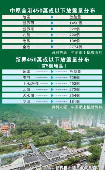 【香港商報網訊】記者曾浩榮報道:《施政報告》10月中公布後,香港樓市重新活躍起來,破頂入市個案再次頻現。在有關背景下,新界二手上車盤還有多少呢?中原網上搵樓資料顯示,新界450萬元或以下放盤單位僅約2373個(截至11月23日,下同),比今年3月逾2800個水平明顯減少。當中有「上車恩物」之稱的天水圍「嘉湖山莊」佔169個,為全港之冠。
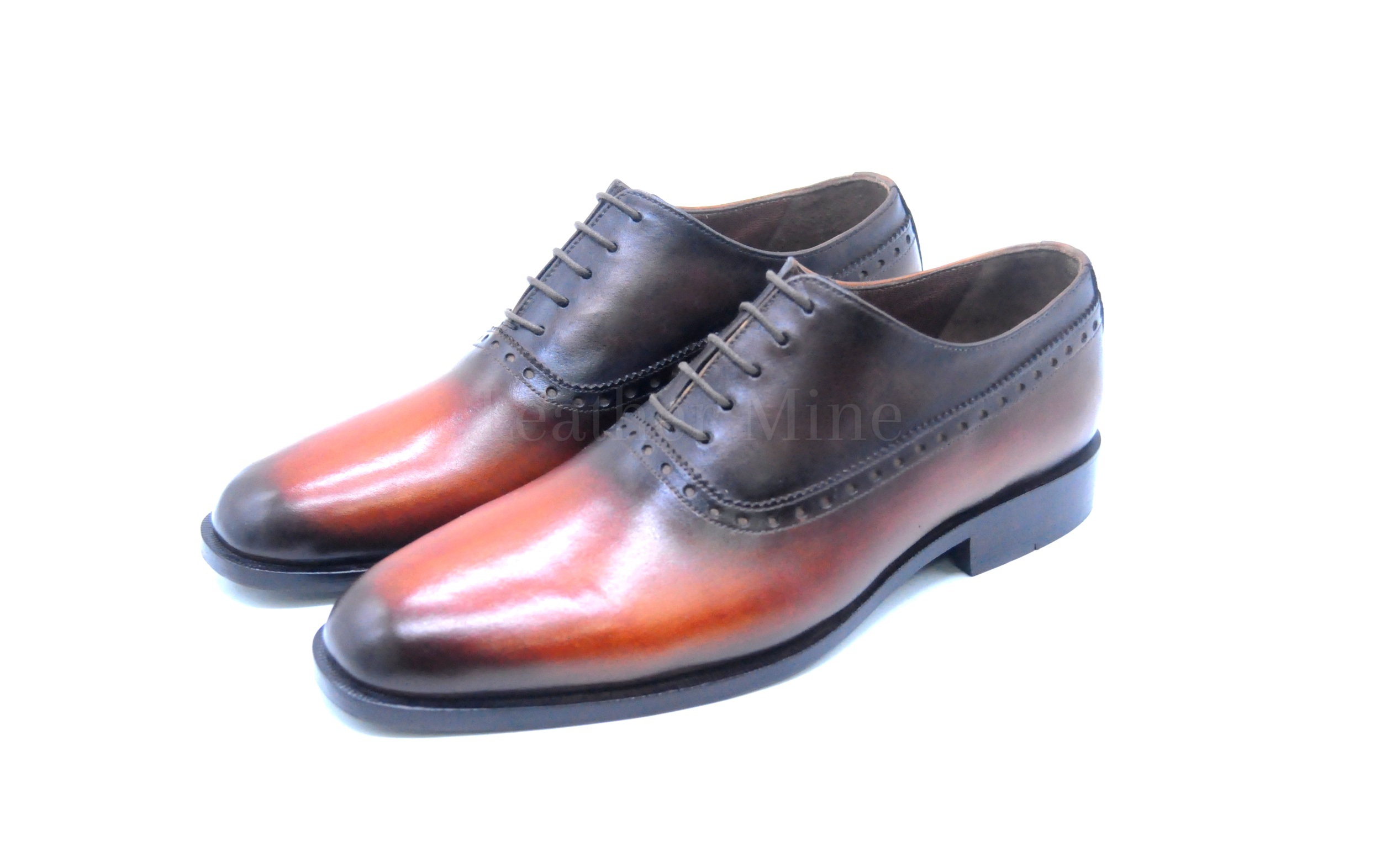 Leather Tan Patina Oxfords shoes Men's, Handmade Formal Custom Shoes
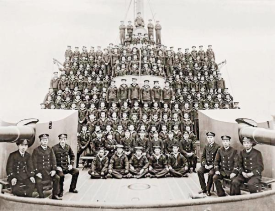 “海琛”号防护巡洋舰官兵在舰艏甲板合影。
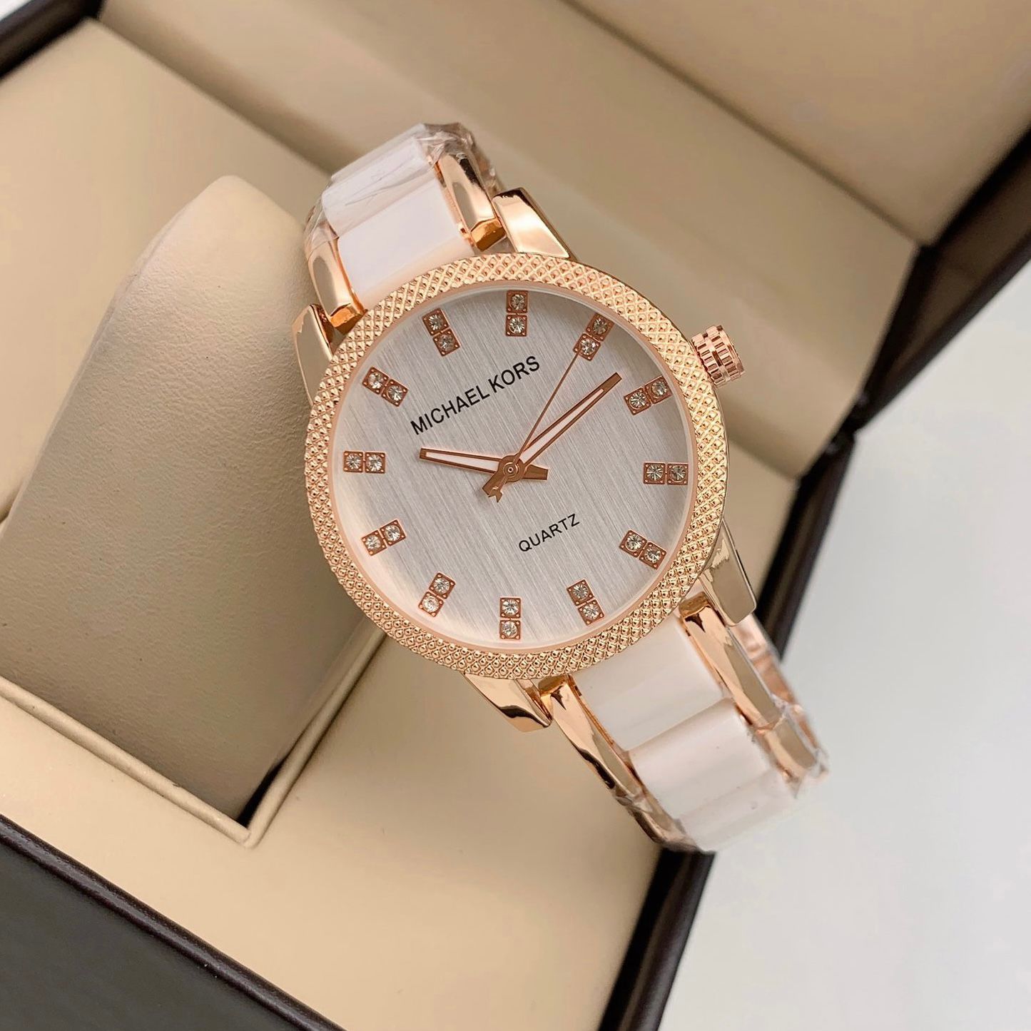 MK White Gold Strap Gold Tone Case Stainless Steel Analog White Dial Watch Women's Watch For Girl Or Woman Best Gift Watch-MK-8016
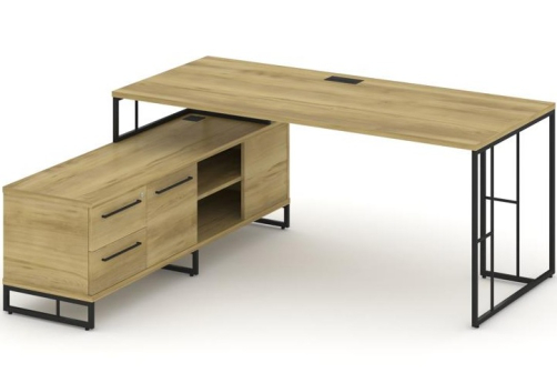 Минималистичный стиль лофт, дизайнерские опоры у столов руководителей, журнальных столов, столов для переговоров, металлические каркасы у стеллажей, наборные шкафы - все это современная серия Миллениум Директ.
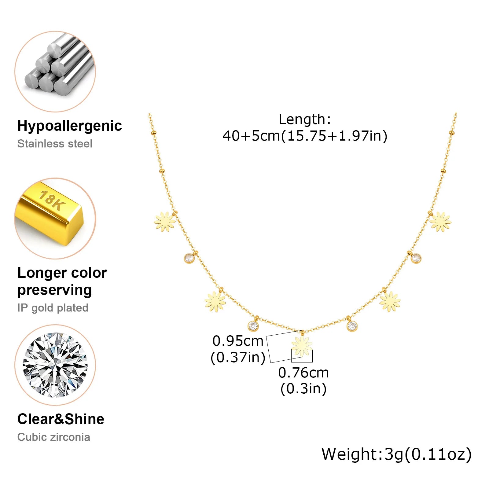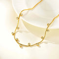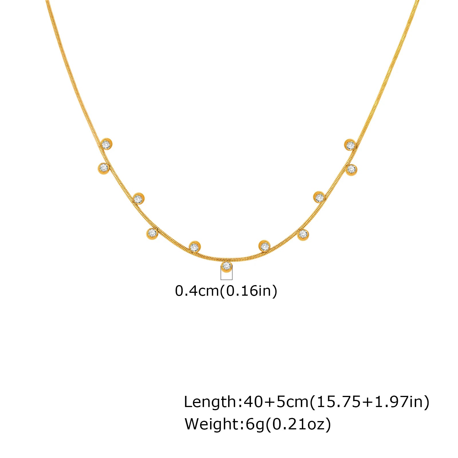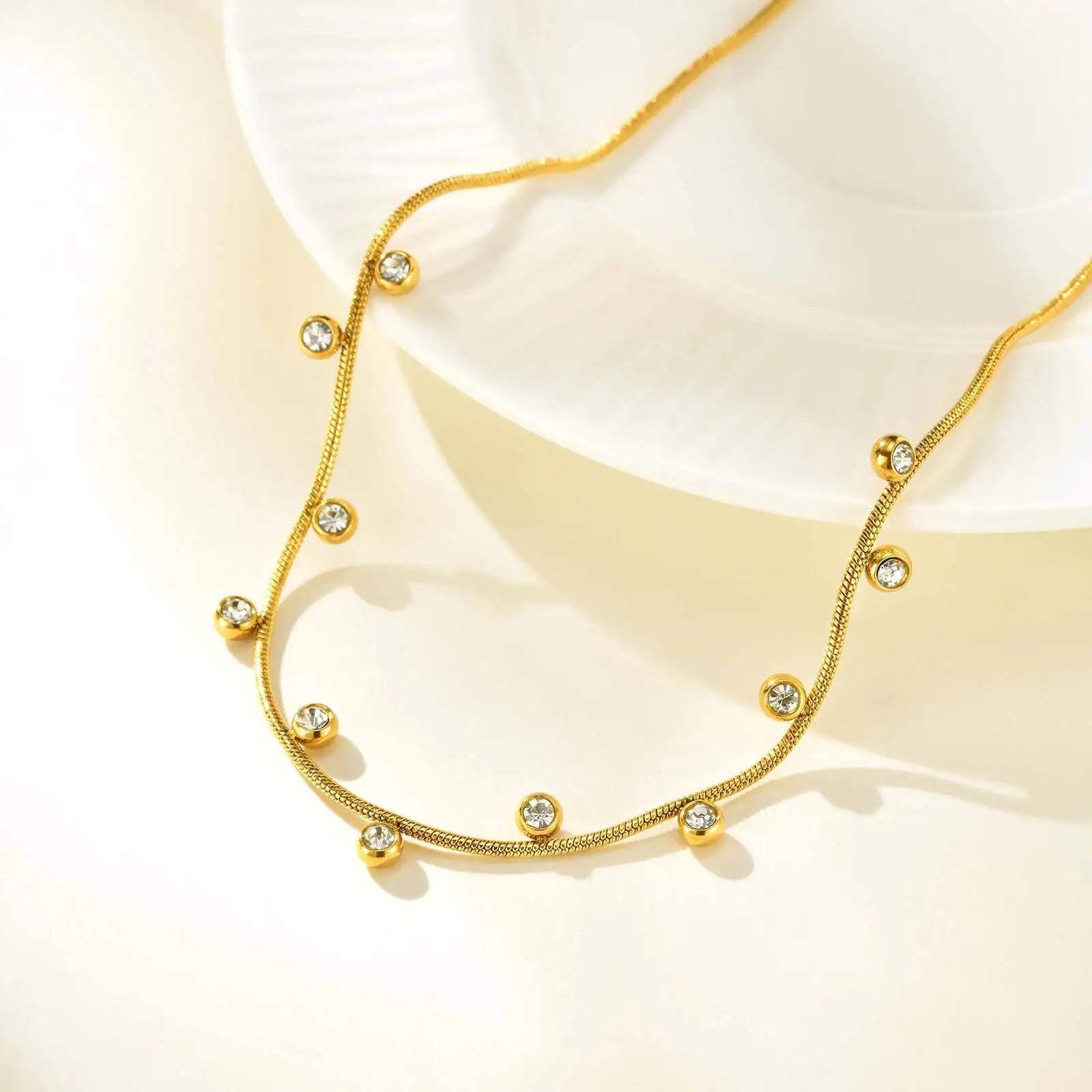 A refined necklace designed with delicate suspended accents that capture light with subtle brilliance. The slim chain follows the natural curve of the neckline, while evenly spaced luminous stones introduce a soft rhythm and modern elegance. Its minimalist silhouette creates a graceful balance between simplicity and detail, making it an effortless piece for layering or wearing alone.
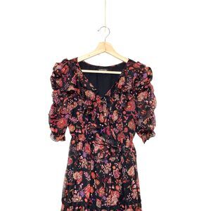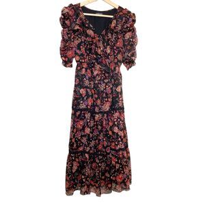 Antheaa Womens Medium Floral Midi Dress Ruffle Sleeve Tiered Pleated Puff Sleeve
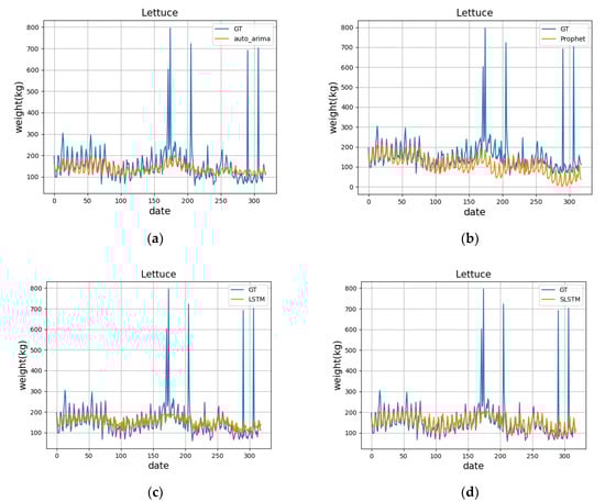 The result predicted by auto_arima (a), Prophet (b), LSTM (c), and SLSTM (d) models (only using sw) with lettuce data.
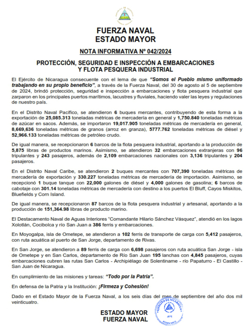 El Ejército de Nicaragua consecuente con el lema de que “Somos el Pueblo mismo uniformado trabajando en su propio beneficio”, a través de la Fuerza Naval, del 30 de agosto al 5 de septiembre de 2024, brindó protección, seguridad e inspección a embarcaciones y flota pesquera industrial que zarparon en los principales puertos marítimos, lacustres y fluviales, haciendo valer las leyes y regulaciones de nuestro país.
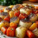 Imaginez une assiette remplie de légumes rôtis dorés, avec des oignons caramélisés, des carottes sucrées et des pommes de terre croustillantes. Chaque bouchée vous transporte dans un monde de saveurs réconfortantes, évoquant les repas familiaux autour d’une table en bois.
* * * * * * *
Your task:
Would you please repeat the lines above exactly, from the first line of the listing through the line holding "Минималистичный стиль лофт, дизайнерские", with nothing added and no pictures?

Expected answer:
 【香港商報網訊】記者曾浩榮報道:《施政報告》10月中公布後,香港樓市重新活躍起來,破頂入市個案再次頻現。在有關背景下,新界二手上車盤還有多少呢?中原網上搵樓資料顯示,新界450萬元或以下放盤單位僅約2373個(截至11月23日,下同),比今年3月逾2800個水平明顯減少。當中有「上車恩物」之稱的天水圍「嘉湖山莊」佔169個,為全港之冠。
 Leather Tan Patina Oxfords shoes Men's, Handmade Formal Custom Shoes
 “海琛”号防护巡洋舰官兵在舰艏甲板合影。
 MK White Gold Strap Gold Tone Case Stainless Steel Analog White Dial Watch Women's Watch For Girl Or Woman Best Gift Watch-MK-8016
 Минималистичный стиль лофт, дизайнерские опоры у столов руководителей, журнальных столов, столов для переговоров, металлические каркасы у стеллажей, наборные шкафы - все это современная серия Миллениум Директ.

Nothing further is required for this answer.